* [Work instruction] In the data that follows, every line containing the word "level" should be returned.

* [Data supplied]
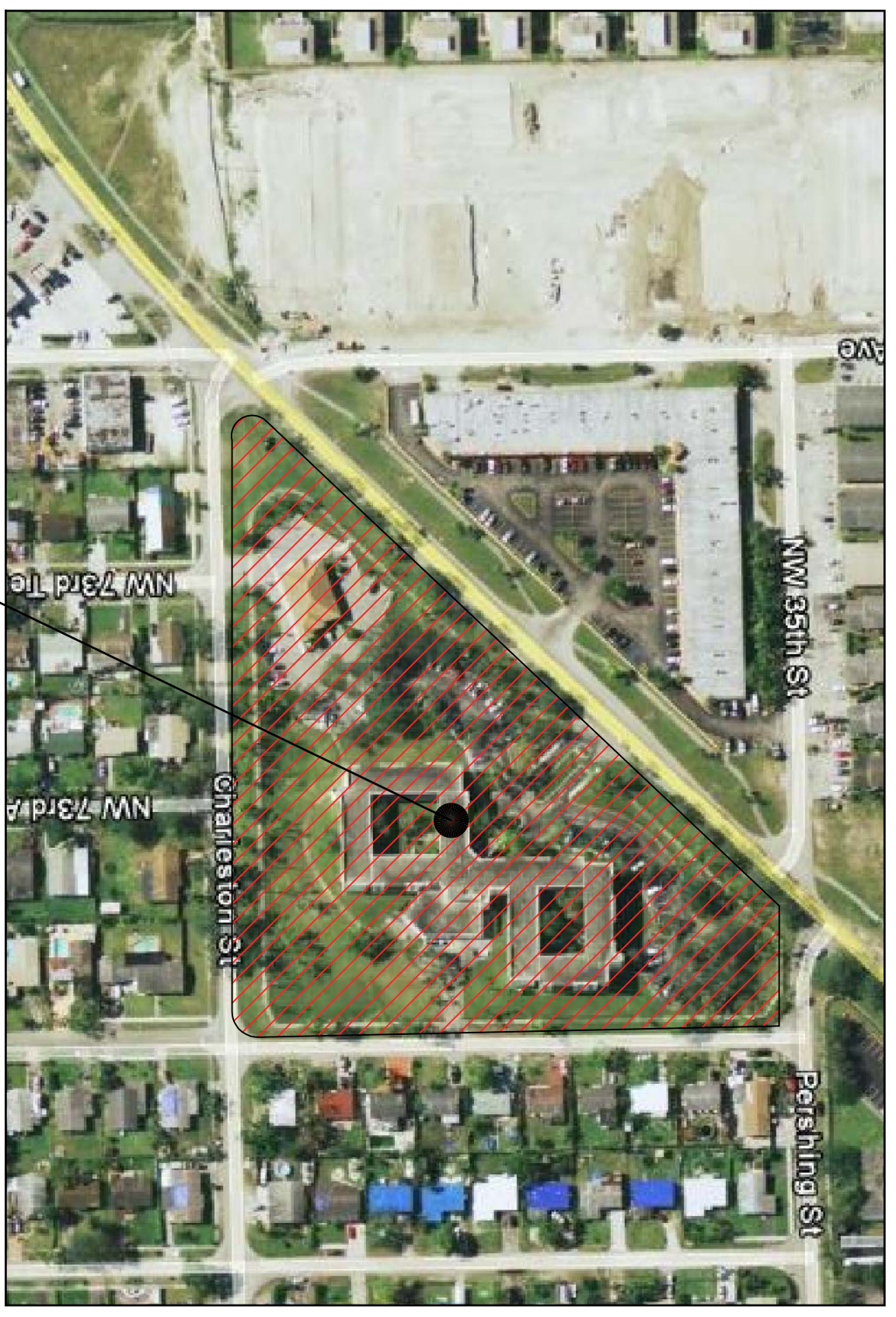
CONTEXT SITE PLAN SCALE: NTS
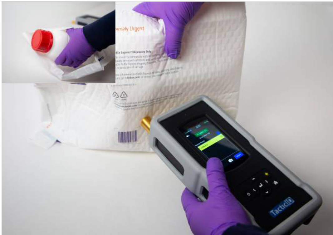
Figure 5. Measurement of white HDPE bottle of caffeine inside white padded package
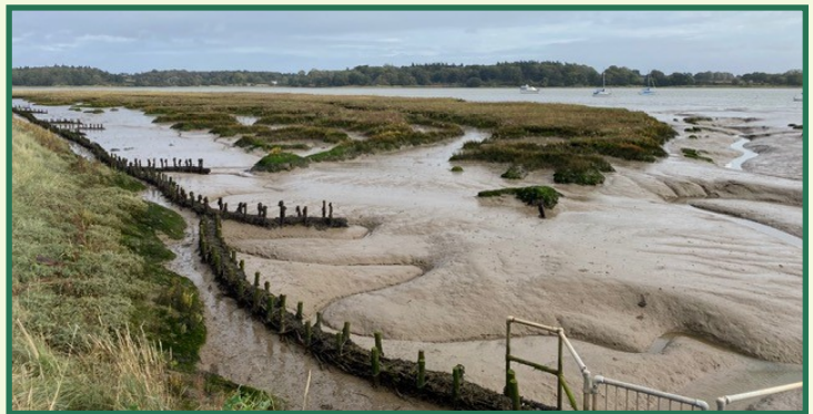
View from photopost

Helene has recently offered further opportunities to record and monitor what is happening here at Waldringfield, this time looking the other way towards Felixstowe. Another PhotoPost is in discussion to be placed adjacent to the sea wall South of the Sailing Club. It would capture the view towards the saltmarsh and beyond Early Creek, a fantastic opportunity to monitor the edge of the marsh and the effects of flood deposits on the beach. Very often including shingle, weed, vegetation and mud. Mud is something we discuss a lot around here if you have any relationship with the river!
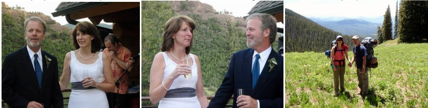
The newlyweds at their wedding reception and starting their Rocky Mountain High backpacking honeymoon.

July 9 (Tues) Chattooga River Electro Sampling CANCELLED due to very high water level.
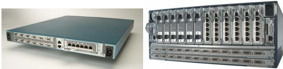
Figure 3. Cisco SFS 3001 and 3012 Rear Views

The Cisco SFS 3001 also meets high-availability requirements with redundant, hot-pluggable power and cooling. The optional expansion module is also hot-pluggable. Multiple Cisco SFS 3001s can also be deployed in redundant pairs to prevent single points of failure at the system level.
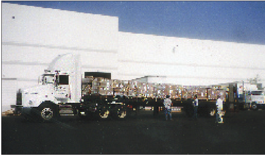
YOU LOAD 23 TONS: Big rig with 23 tons of brochures for Knights.
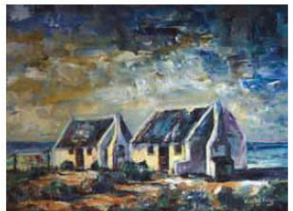
Extra - Kathy Kay - Cape Cottages
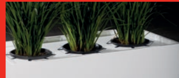
Plain planter, designed to achieve maximum strength and rigidity.
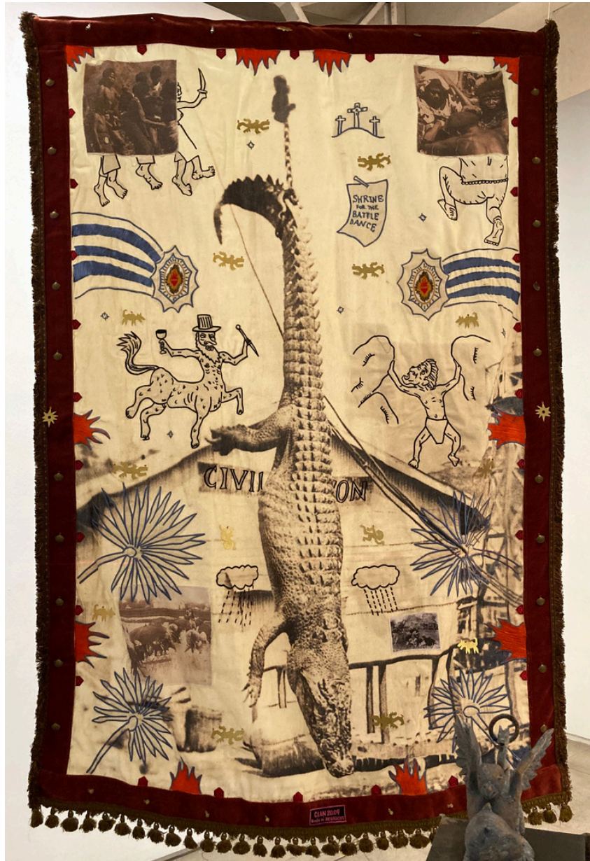
Objects, embroidery, digital print on fabric, 203 x 135 cm, 2024
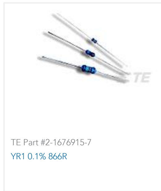
TE Part #2-1676915-7 YR1 0.1% 866R
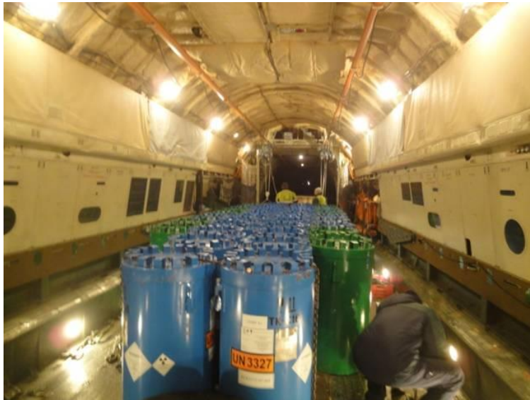
Figure 10. TK-S16 Packaging in IL-76 (Kharkiv, Ukraine)
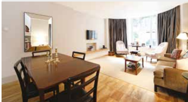
LET Hyde Park Square, W2 £825 per week

Our Lettings Department has had the most successful spring and are looking to continue this into the summer. So if you are considering renting your property please call, email or pop into one of our offices to book a FREE valuation.
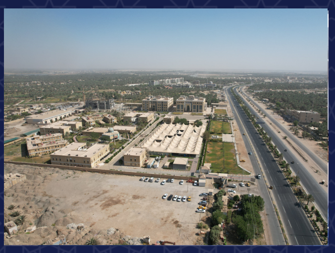
Preparing pitch for sports field

Sport facilities for extracurricula activities to help students maintain a healthy lifestyle and induce sportsmanship in their young minds. These facilities are also opened for our staff with regular arrangement
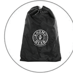
1 - Carrying bag
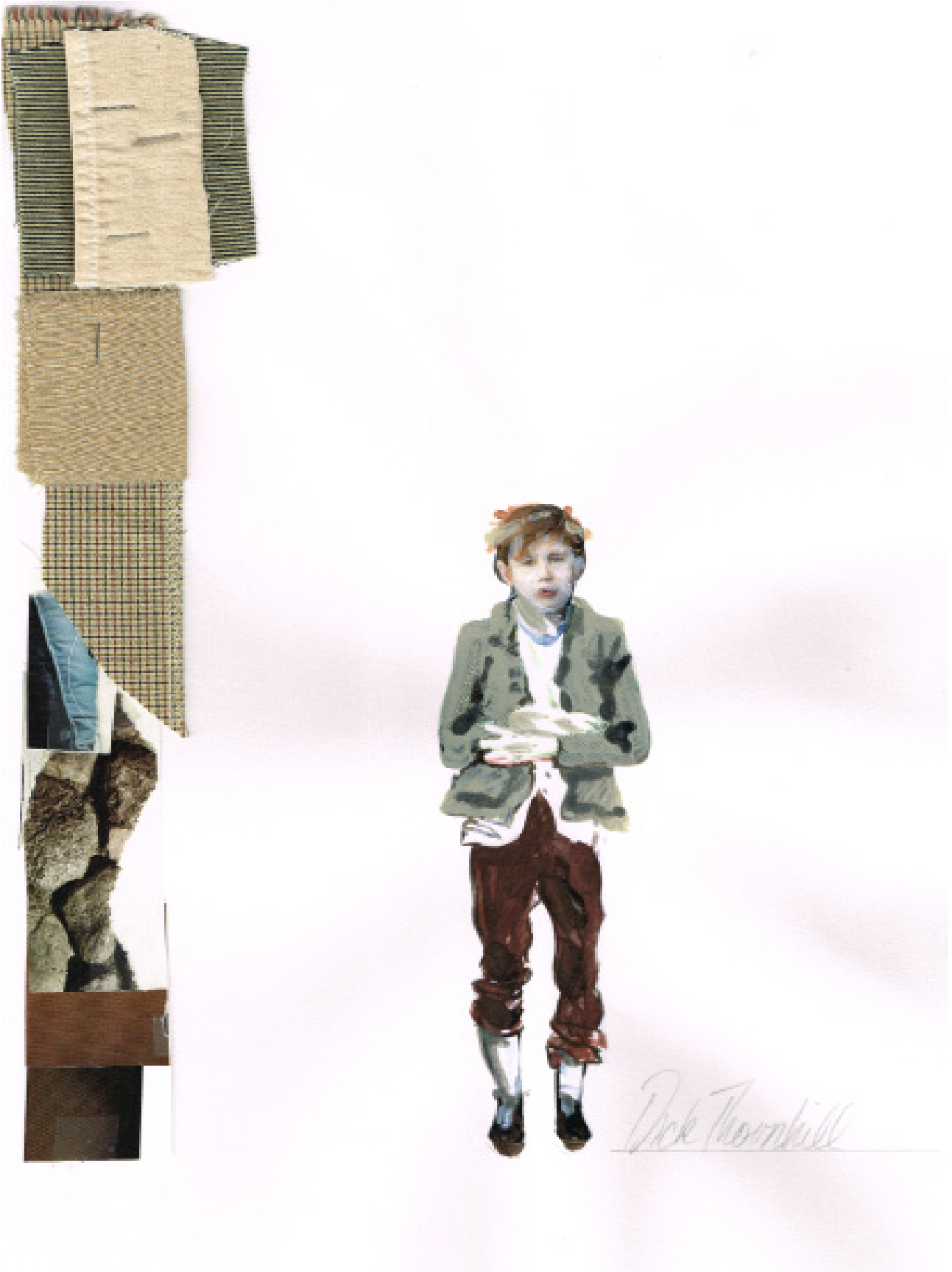
Costume design for Dick Thornhill in The Secret River . (Costume Sketch: Tess Schofield. ©)

* [Solution to the problem]
July 9 (Tues) Chattooga River Electro Sampling CANCELLED due to very high water level.
The Cisco SFS 3001 also meets high-availability requirements with redundant, hot-pluggable power and cooling. The optional expansion module is also hot-pluggable. Multiple Cisco SFS 3001s can also be deployed in redundant pairs to prevent single points of failure at the system level.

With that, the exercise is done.